Ejemplo de esto fue lo que hizo, estando en su ciudad natal, el año 1827, respecto a la Universidad de Caracas. Le asignó a esta institución, para que se desentendiera de los vaivenes del presupuesto público, propiedades, como: haciendas, casas, hatos, cuyo arrendamiento le garantizaban ingresos por demás suficientes para su sostenimiento en condiciones bastante holgadas. Pero, lamentablemente, otro gamonal, Antonio Guzmán Blanco, amante de los dineros públicos, en su condición de presidente de Venezuela, le confiscó a la universidad estos bienes, con lo cual la hizo retroceder a los tiempos cuando era ella una pobre institución, incapaz siquiera de garantizar a sus profesores sus escuálidos sueldos. Y a poco vino la estocada mal hiriente, la que le profirió el bárbaro mayor, Juan Vicente Gómez, una bestia vestida de hombre, que presidió Venezuela durante veintisiete años. Cerró la universidad; le molestaba mucho a aquel ignaro gamonal las pocas luces que destellaban desde este recinto; muchos estudiantes y profesores fueron a dar entonces a las mazmorras de la Rotunda, pues habían cometido el pecado de quererse ilustrar, de aspirar adquirir las luces del conocimiento, y eso no lo podía admitir aquel bárbaro, cuyo lema gubernamental se reducía a la escueta frase: “Paz, tierra y trabajo”, y que, a fin de cuentas, quería decir exactamente, paz, en las cárceles, tierra, en el cementerio y trabajo forzado en las carreteras.

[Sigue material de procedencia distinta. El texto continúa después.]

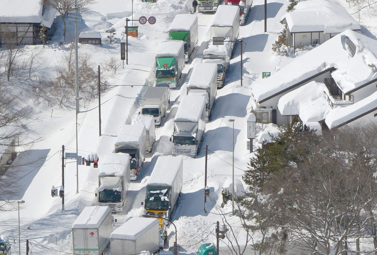 Em Kawasaki, a oeste de Tóquio, um trem bateu em outro depois que a neve prejudicou seu sistema de freios, deixando 19 passageiros feridos. O tráfego nas principais estradas de Tóquio também ficou prejudicado.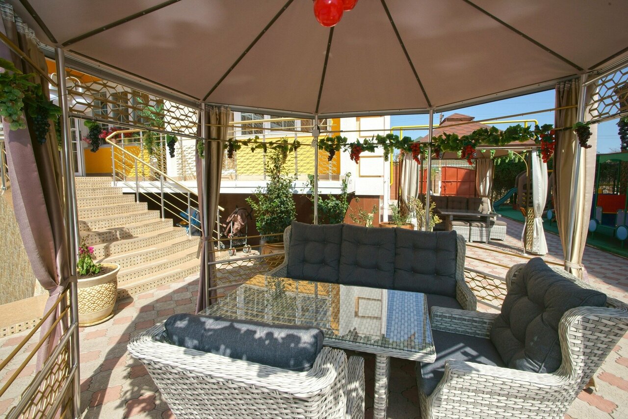 Хочу сказать огромное спасибо Галине Егоровне и всему обслуживаещему персоналу отеля, все было на высшем уровне. Встретили нас с женой, как родных, отвели в номер, который оборудован сплит системой, холодильником, чайником, туалетными принадлежностями. Номер большой просторный с огромной кроватью и асем необходимым. Питание тоже на высоте , мы выбрали обед и ужин, в блюдах есть выбор на усмотрение посетителя, меню продумано на 10 дней (потом повторяется). Зал для приема ищи на цокольном этаже, отлично оборудован( на обед подают вино) Двор тоже продуман до мелочи, есть бассейн с подогревом для детей,всегда чист и ухожен. С балкона номера(он выходил на дорогу а не во двор) хорошо видно море, а вечером приятно отдыхать любуясь звездами. До моря тихим шагом минуты 3 ходу. Отдельное спасиба водителю Денису, который пунктуален как швейцарские часы, в осуществлении трансфера. Огромное спасибо за приятный отдх.

Por supuesto, este rosario de dificultades por las que pasó la universidad venezolana tuvo que generar numerosas anomalías al país, tales como: déficit de profesionales universitarios, carencia absoluta de egresados en especialidades requeridas para ejecutar un plan de desarrollo económico, formación deficiente y sin pertinencia y, muy bajo impacto de la institución en la realidad socioeconómica nacional. Sin duda que ese fardo ha pesado mucho, sus secuelas deben estar aun haciendo de las suyas en estos chaparrales venezolanos, donde estamos todavía a distancia de alcanzar una república con ciertos aires modernos.